Namespace: ThinkGeo.UI.Wpf / ThinkGeo.UI.WinForms
Accessed via: MapView.EditOverlay
Applies to: ThinkGeo Desktop (WPF and WinForms)


Overview

EditOverlay is a built-in interactive overlay on every ThinkGeo desktop MapView. It gives users direct, mouse-driven control over the geometry of features already on the map — translating, rotating, scaling, and vertex-editing shapes without writing any hit-testing or geometry math yourself.

The key distinction from TrackOverlay (which handles drawing new shapes) is that EditOverlay handles modifying shapes that already exist. The typical workflow is:

  1. Draw shapes with TrackOverlay (or load them from a data source).
  2. Move those shapes into EditOverlay.EditShapesLayer to enter edit mode.
  3. The user manipulates them visually using the control point handles.
  4. When done, move the edited shapes back out of EditShapesLayer into your own layer for persistence or further processing.

EditOverlay is a singleton property on the MapView — you do not construct it yourself.
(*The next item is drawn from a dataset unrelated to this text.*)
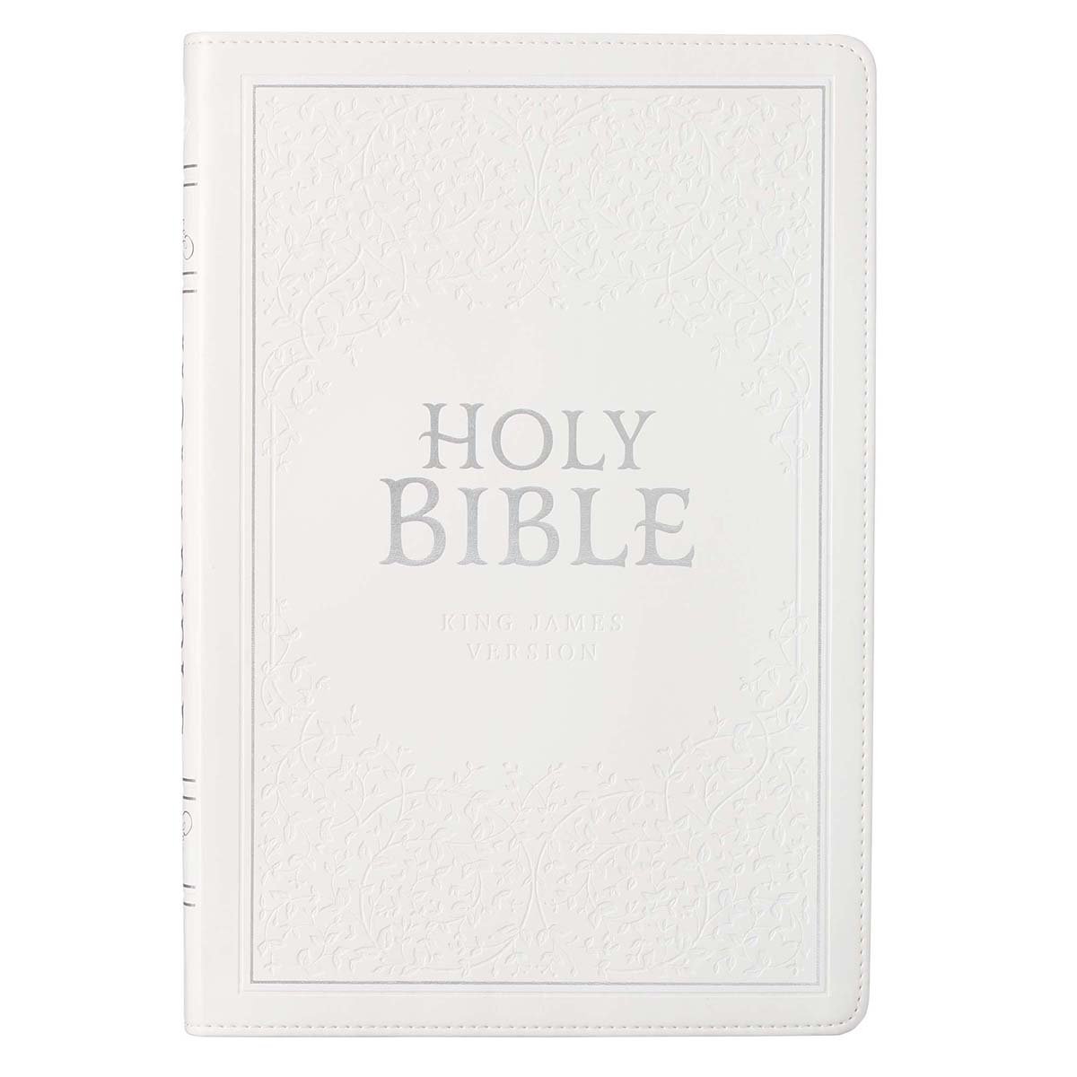 The KJV Thinline Large Print is an edition of the King James Version of the Bible with a white Faux Leather cover that is perfect as a gift for a special occasion. It features thumb-indexing tabs and the words of Christ in red.

How It Works: Control Points

When features are in EditShapesLayer, calling CalculateAllControlPoints() instructs the overlay to generate all the visual handles needed to edit each shape:

  • Vertex handles — draggable points at every vertex of a line or polygon. Drag to move that vertex. Double-click to remove a vertex. Click on a segment midpoint handle to insert a new vertex.
  • Transform handles — the rotation and scale handles that appear around area and line shapes, rendered as anchors at the corners and edges of the shape's bounding rectangle.
  • Translation — drag anywhere inside the shape's interior to translate the whole shape.

Points have only a translation handle (they have no vertices or bounding box to resize). Lines have vertex handles plus a translation handle. Polygons and multipolygons have all three: vertex handles, transform handles, and translation.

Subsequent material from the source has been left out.